Family mores dictated that if his father refused to come, then his mother, as was custom in the Sicilian patriarchy, would not come. And if her parents didn’t come, Franca couldn’t come. Going outside that ancient code of conduct would have been seen as a sign of disrespect, an act of defiance (152).

In addition to the personal biases impacting Tembi and Saro’s relationship with his family, From Scratch also addresses systemic racism, describing the steps Tembi took to avoid being racially profiled when she flew to and from Italy: “I had learned to keep my American passport out and visible so that there would be no holdups or delays jeopardizing our connecting flights” (112).
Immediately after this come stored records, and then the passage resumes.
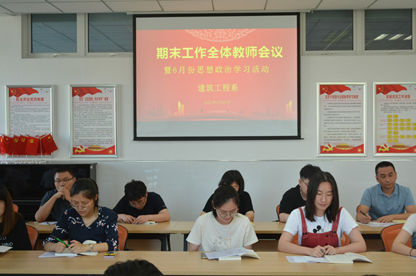 为全面总结点评本学期的各项工作,安排部署期末阶段各项重点任务,6月20日下午3点50分,建工系在B2楼214会议室组织召开了期末工作全体教师会议暨6月份思想政治学习活动。会议由系主任朱敏敏主持。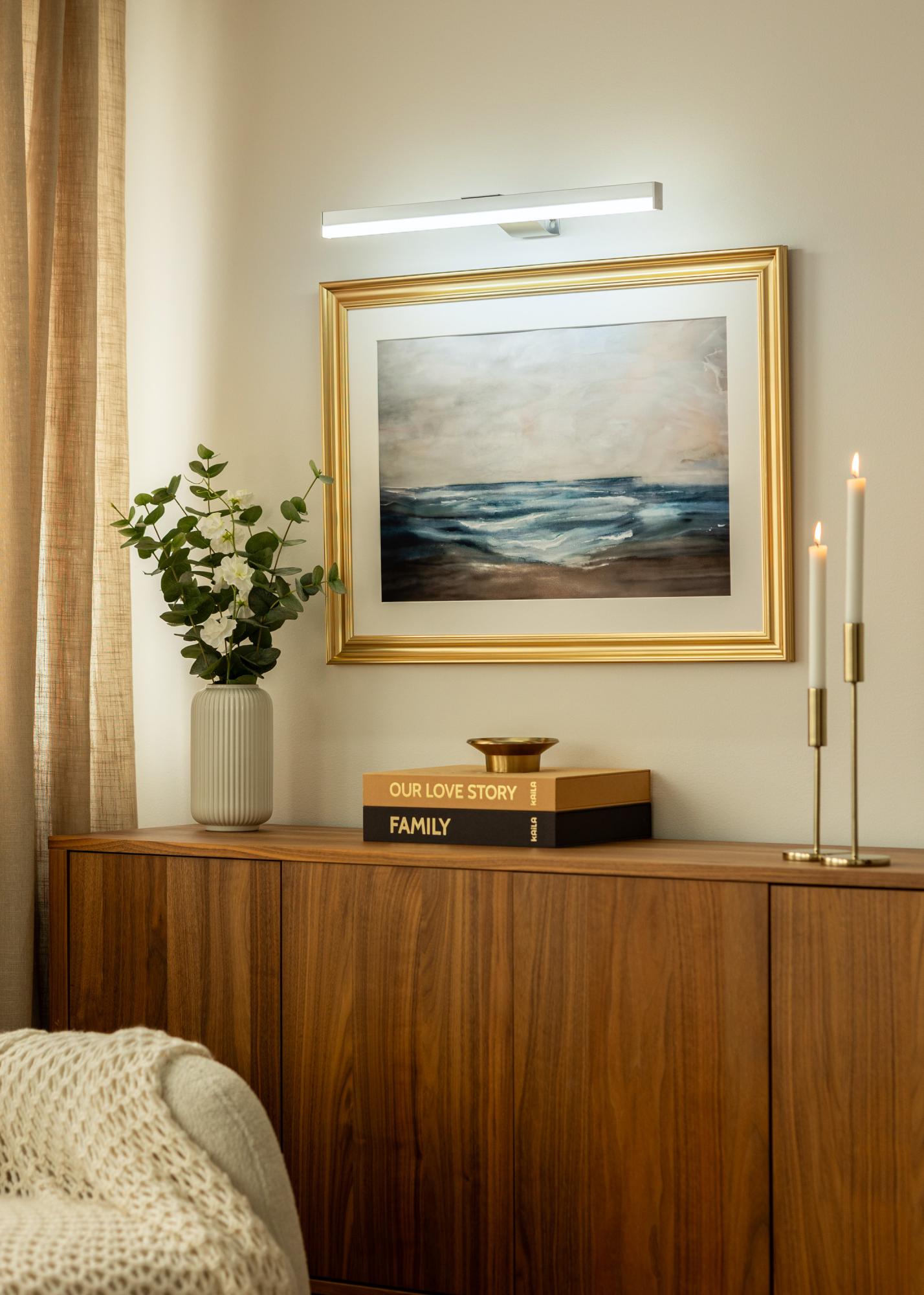 Diese batteriebetriebene Bilderbeleuchtung bietet eine praktische und flexible Lösung, um Ihre Kunstwerke zu beleuchten, ohne Kabel verlegen zu müssen. Dank des batteriebetriebenen Designs können Sie die Lampe überall platzieren, was es einfach macht, Ihrem Zuhause einen stilvollen und eleganten Lichtakzent zu verleihen, beispielsweise über einem Gemälde oder einer Fotografie. Mit einer Tiefe von 15 cm und einer Länge von 55 cm ist die Lampe perfekt geeignet, um eine gleichmäßige Beleuchtung für Bilder bis zu 80 cm Breite zu gewährleisten.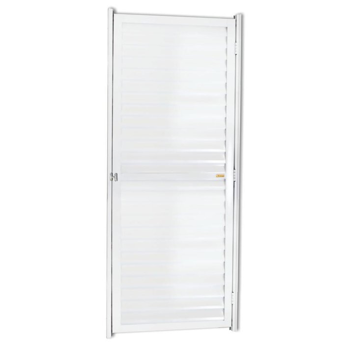 A Porta Esquerda em Alumínio L-25 180x60cm Branca recebe pintura eletrostática que garante excelente acabamento, resistência e qualidade, e é perfeita para instalação em banheiro, despensa e área de serviço.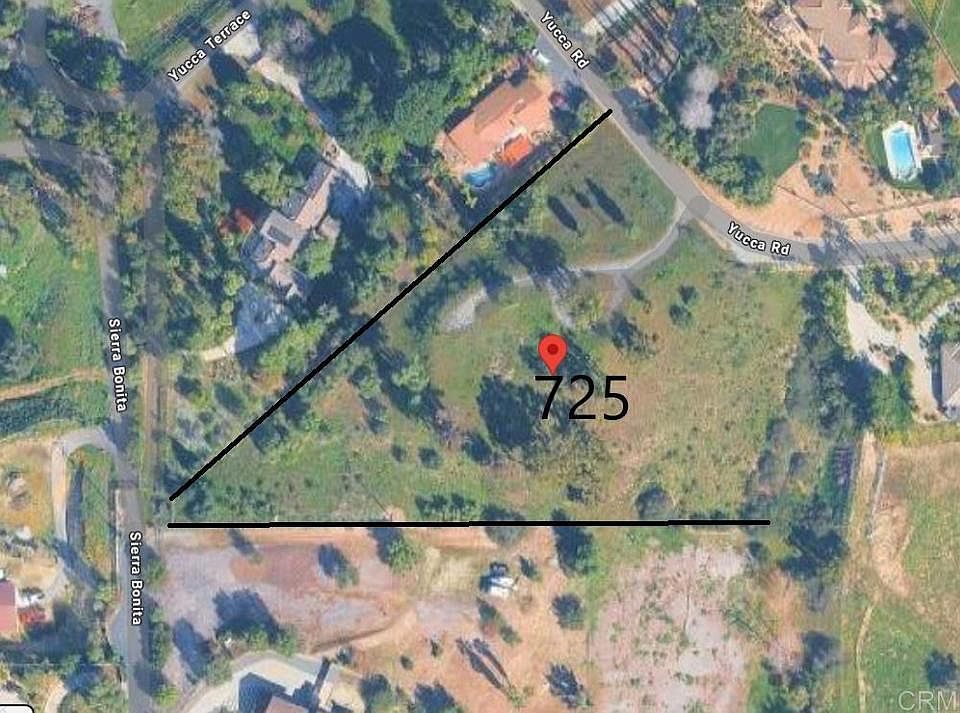 Panoramic 360° view rebuild opportunity in Fallbrook! Welcome to 725 Yucca Rd, Fallbrook, CA 92028 — a rare 3.51-acre homesite at approximately 900’ elevation with sweeping views in every direction and a beautiful mix of mature pine, oak, and olive trees. The prior residence was lost in a fire, creating an outstanding chance to rebuild or design a brand-new custom estate. Key improvements are already in place including a water meter on-site, underground electricity, and a new 1,500-gallon septic tank installed to support a larger future home (leach lines may require extension depending on final plans). Existing driveway access remains (repair needed). Located among high-end custom homes, this property stands out as a larger parcel than many surrounding properties, offering added privacy, flexibility, and estate-style potential. Buyer to verify all building requirements and property details.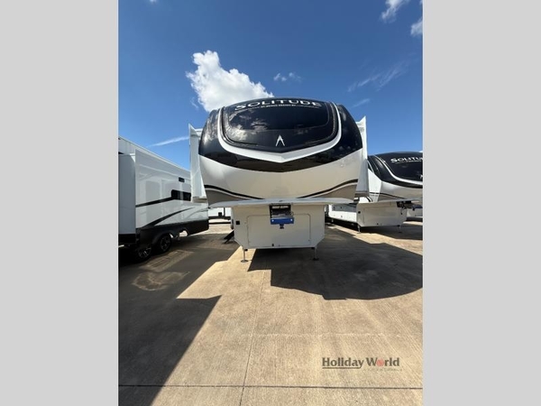Each Solitude fifth wheel by Grand Design features a 101" wide-body construction, heavy duty 8,000 lb. axles, frameless tinted windows, and high-gloss gel coat sidewalls. You can camp year around thanks to the Weather-Tek Package that includes a 35K BTU high-capacity furnace, an all-in-one enclosed and heated utility center, and a fully enclosed underbelly with heated tanks and storage. Inside, you'll love the premium roller shades, hardwood cabinet doors, solid surface countertops, plus residential finishes throughout to make you truly feel at home. Each model also includes a MORryde CRE3000 suspension system, self adjusting brakes, and a MORryde pin box that will provide smooth towing from home to campground. Affordable luxury is possible with the Solitude fifth wheels; choose yours today!
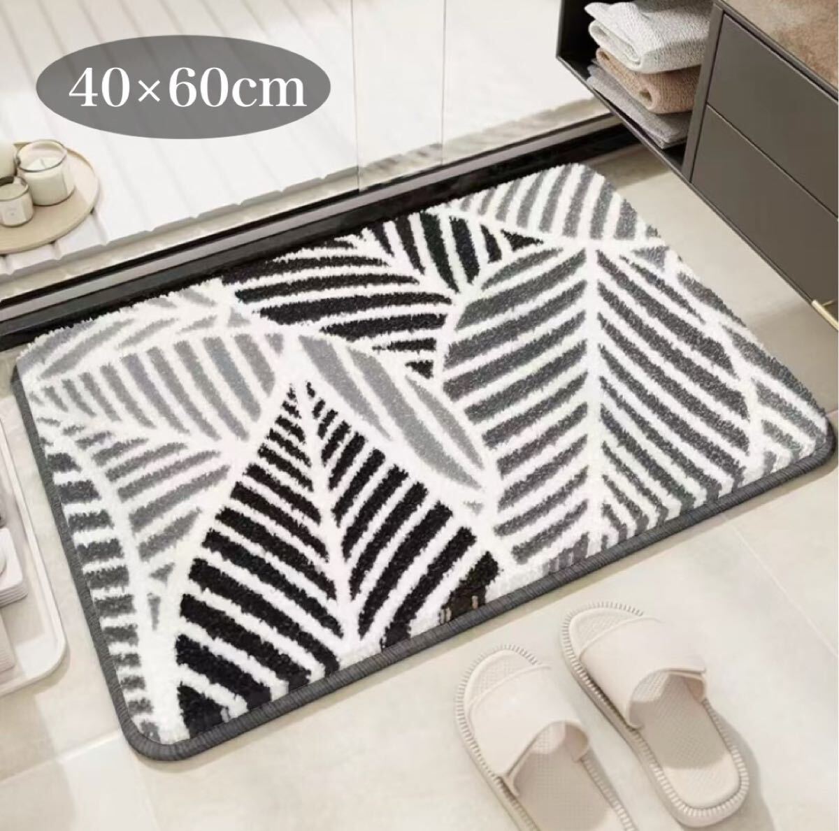バスマット 葉っぱ柄 トイレマット 玄関マット リーフマット 黒 白 モノクロ 吸水 滑り止め キッチン トイレマット ラグ インテリア 收藏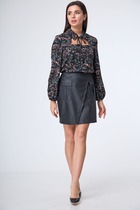 Юбка из принтованного жаккарда с отделочными деталями из экокожи.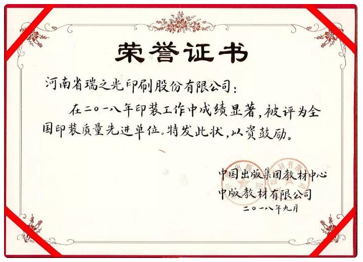 近日,由中國出版集團教材中心、中版教材有限公司組織的全國中版教材代印廠質(zhì)量綜合評比中,河南瑞之光印刷股份有限公司因在2018年印裝工作中成績突出,被評為全國印裝質(zhì)量先進單位。瑞之光印刷將繼續(xù)在印裝質(zhì)量、交貨周期以及綜合服務(wù)上再接再厲,再創(chuàng)佳績。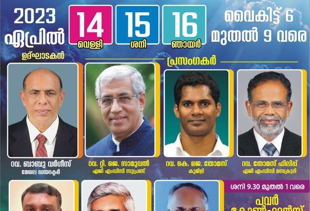 പെരുമ്പാവൂർ :അസംബ്ലി സ് ഓഫ് ഗോഡ് മലയാളം ഡിസ്ട്രിക്ട് ഉത്തരമേഖല കൺവൻഷൻ ഏപ്രിൽ 14 മുതൽ 16 വരെ പെരുമ്പാവൂർ മുൻസിപ്പൽ സ്റ്റേഡിയത്തിൽ നടക്കും.

Food plays a central role in Part 2, as it did in previous sections, and by juxtaposing kitchen-related memories of both Saro’s family and her own, Tembi deliberately uses food as an indication of human connection, implying that just as sharing food together can reforge broken bonds, even the most intangible of recollections can emphasize common themes across cultures and dissolve any sense of estrangement. For example, Tembi describes watching Croce cook in Sicily, which brings back memories of cooking with her grandmother after her parents’ divorce. Just like Croce, Tembi’s grandmother cooked both for physical and emotional sustenance, and Tembi explains, “She cooked out of necessity, but she also cooked in a way that seemed to me a form of self-soothing […] Her kitchen taught me that flavor can bring forth love and set aside anger, and that something sweet can mend a fence and soothe a heart” (138). These remembrances are strongly linked with Tembi’s observations of Croce moving through her kitchen like “a sturdy, silent ship navigating turbulent waters” (134), and it is this correlation between two disparate matriarchs that causes Tembi to call Croce’s food a “mystical sustenance” (146) that had the power to calm with its “comfort and consistency” (146).